Your task: Every record below should be written out exactly; pictures stay out.

(Stored records)

◆ ◆ ◆

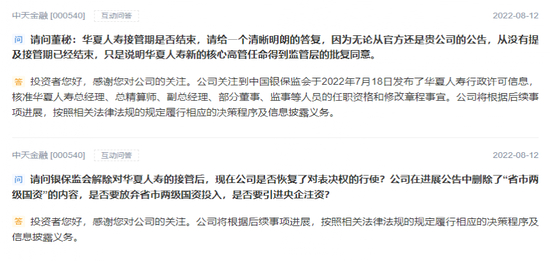 另外,此前由于谋求华夏人寿控股权,中天金融曾交付70亿元交易定金,但交易迟迟未能落地。近期,银保监会核准华夏人寿多名人员任职资格,被市场解读为是解除接管的信号。
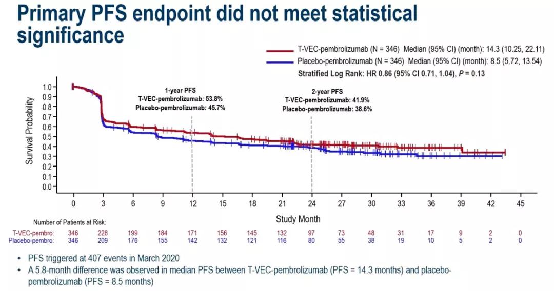 纳入患者为不可切除的IIIB-IV M1c期、未经抗PD-1治疗、具有可注射病灶的MEL患者,按1:1随机分为T+P组或Pbo+P组。T首次给药为≤4 x 106 PFU,三周后为≤4 x 108 PFU,Q2W直至第5剂,然后是Q3W。静脉注射P 200 mg Q3W。主要终点是通过盲法独立中心审查根据mRECIST 1.1评估的无进展生存期(PFS)和总生存期(OS)。次要终点包括客观缓解率(ORR)、完全缓解率(CRR)、持久缓解率(DRR)、缓解持续时间(DOR)和安全性。此处报告的结果为首次PFS和中期OS分析(数据截止时间/DOC:PFS 2020年3月2日;OS 2020年9月29日)。
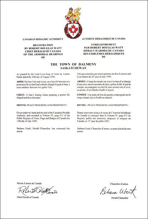 Letters Patent registering the Arms of The Town of DalmenyBlazonPer fess Vert and Azure, on a fess Or between two primroses Or in chief and a thistle slipped Argent in base, a cross anchory between two garbs Vert; SymbolismNot applicable |
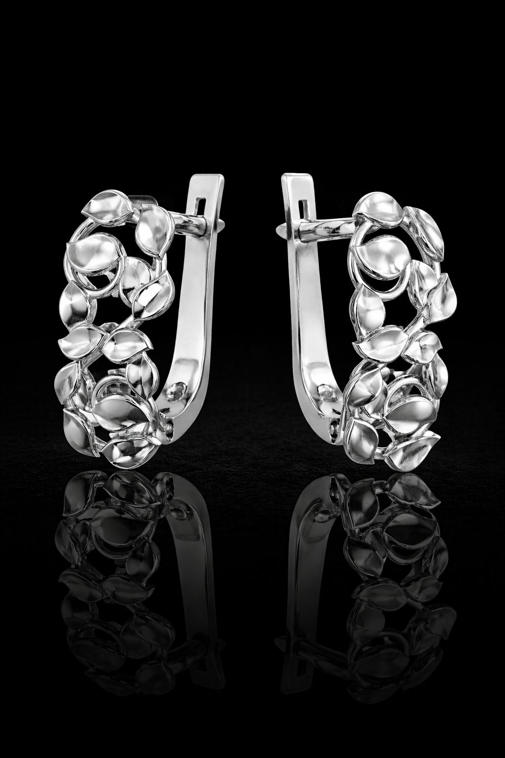 Eleganckie kolczyki wykonane ze srebra próby 925, ozdobione motywem drobnych liści tworzących lekką, ażurową kompozycję. Ich subtelny design sprawia, że są idealnym dodatkiem zarówno do codziennych stylizacji, jak i bardziej eleganckich zestawów.
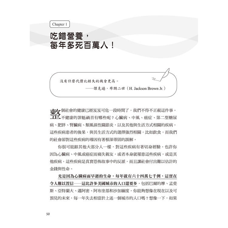 營養能做到的遠比降低風險更多,甚至能夠消除疾病,在許多情況下甚至勝過基因決定論。只要攝取正確的營養,因為不必要的疾病而喪生或早逝的生命,就都有救了。
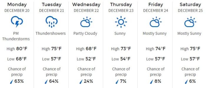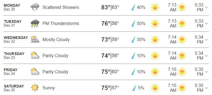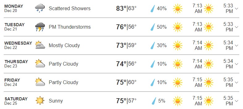 Monday, December 20th will bring us similar temperatures to the ones we saw last week with a liiiiittle step down to a 79 degree high. It looks like this week might be stepping us back into cooler temperatures — and into more rain.
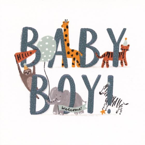 Zoo Animals new baby boy card Size: MED 155x155mm Code: PL-ODB002

◆ ◆ ◆

Task result:
 另外,此前由于谋求华夏人寿控股权,中天金融曾交付70亿元交易定金,但交易迟迟未能落地。近期,银保监会核准华夏人寿多名人员任职资格,被市场解读为是解除接管的信号。
 纳入患者为不可切除的IIIB-IV M1c期、未经抗PD-1治疗、具有可注射病灶的MEL患者,按1:1随机分为T+P组或Pbo+P组。T首次给药为≤4 x 106 PFU,三周后为≤4 x 108 PFU,Q2W直至第5剂,然后是Q3W。静脉注射P 200 mg Q3W。主要终点是通过盲法独立中心审查根据mRECIST 1.1评估的无进展生存期(PFS)和总生存期(OS)。次要终点包括客观缓解率(ORR)、完全缓解率(CRR)、持久缓解率(DRR)、缓解持续时间(DOR)和安全性。此处报告的结果为首次PFS和中期OS分析(数据截止时间/DOC:PFS 2020年3月2日;OS 2020年9月29日)。
 Letters Patent registering the Arms of The Town of DalmenyBlazonPer fess Vert and Azure, on a fess Or between two primroses Or in chief and a thistle slipped Argent in base, a cross anchory between two garbs Vert; SymbolismNot applicable |
 Eleganckie kolczyki wykonane ze srebra próby 925, ozdobione motywem drobnych liści tworzących lekką, ażurową kompozycję. Ich subtelny design sprawia, że są idealnym dodatkiem zarówno do codziennych stylizacji, jak i bardziej eleganckich zestawów.
 營養能做到的遠比降低風險更多,甚至能夠消除疾病,在許多情況下甚至勝過基因決定論。只要攝取正確的營養,因為不必要的疾病而喪生或早逝的生命,就都有救了。
 Monday, December 20th will bring us similar temperatures to the ones we saw last week with a liiiiittle step down to a 79 degree high. It looks like this week might be stepping us back into cooler temperatures — and into more rain.
 Zoo Animals new baby boy card Size: MED 155x155mm Code: PL-ODB002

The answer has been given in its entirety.